A 7500 mile journey across Asia along the old Silk Road


Beijing - Tiananmen Square and The Forbidden City

When the Hongwu Emperor's son Zhu Di became the Yongle Emperor in 1402 he moved the capital from Nanjing to Bejing and construction began in 1406 on what would become the Forbidden City.  It took 14 years and involved over a million workers.

From 1420 to 1644 the Forbidden City was the seat of the Ming Dynasty, was briefly held by the short lived Shun Dynasty until the Manchus achieved supremacy in Northern China and they proclaimed a young Shunzhi Emperor to be the ruler of all China under the Qing Dynasty.

Apart from a brief occupation by the Anglo-French forces during the Second Opium War in 1860 the Forbidden City remained the seat of the Qing until 1912 with the abdication of Puyi, the last Emperor of China. 

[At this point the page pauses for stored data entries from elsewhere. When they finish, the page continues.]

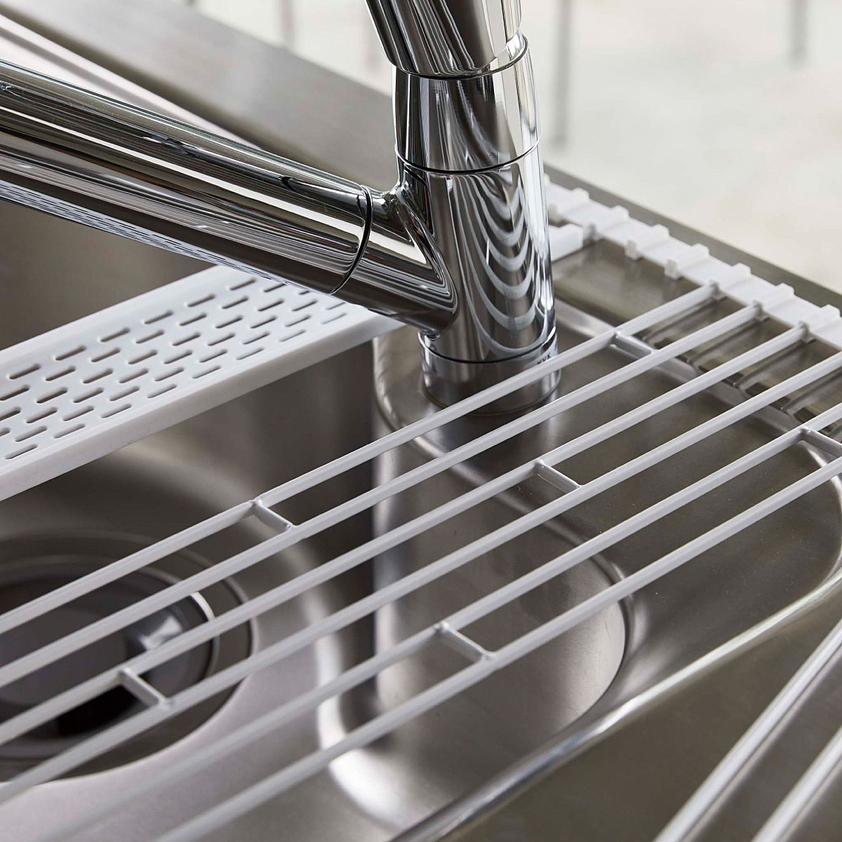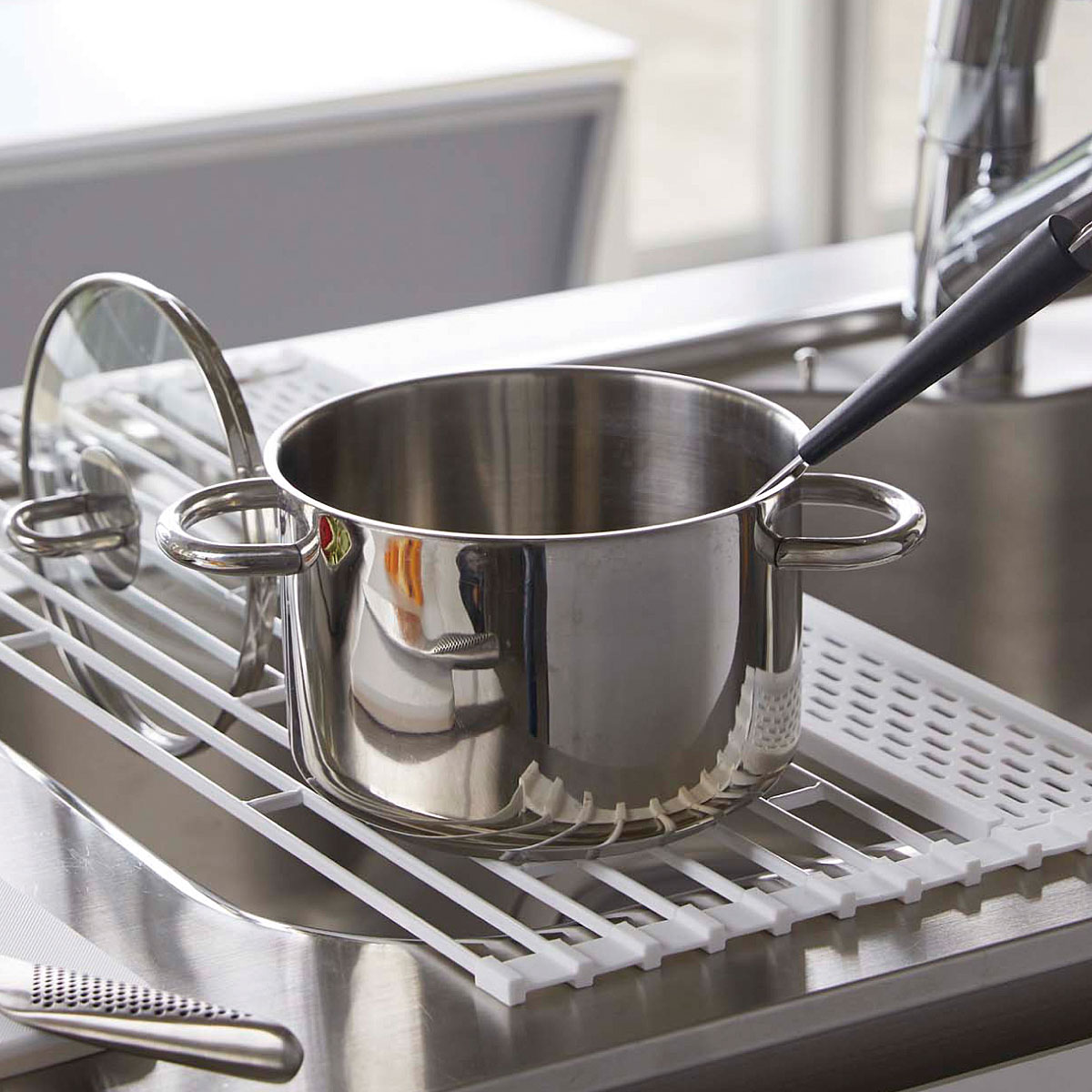 使わないときはくるっと巻いてコンパクトにできる水切りで、様々な用途で使用可能キッチン周りをより快適に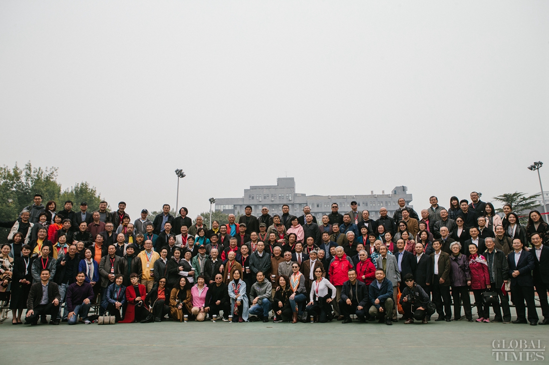 Chinese movie and TV star Zhang Fengyi (second right) poses for a photo with his classmates during the event at the Beijing Film Academy on. Photo: Li Hao/GT figcaption >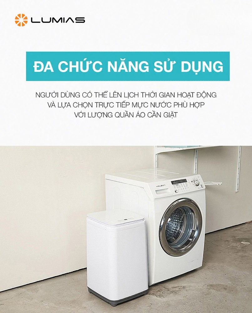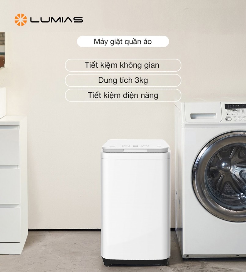 Máy giặt mini Lumias WS050W thiết kế nhỏ gọn, không chiếm diện tích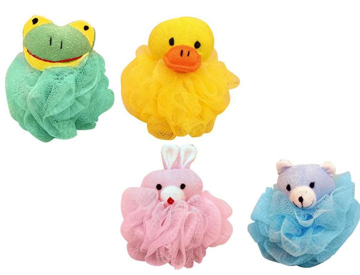 Your fun and festive animal themed bath and shower poufs feature soft yet durable netting perfect for creating luxurious lather and suds with your favorite soap or shower gel. Designed with a convenient ribbon handle to hang dry for daily use. Safe for even the most sensitive baby skin. Includes Bear, Bunny, Frog and Duck.

The People's Republic of China has consistenly aimed to protect and restore the Forbidden City since the the Palace Museum was established in 1925.

In 1987 the Forbidden City was declared a World Heritage Site by UNESCO.  There is an ongoing restoration project to repair and restore all the 980 buildings in the Forbidden City to their pre-1912 state.

As our guide put it, the PRC recognises that the Forbidden City is not so much a cash cow as a cash dinosaur: there were 16 million visitors in 2016!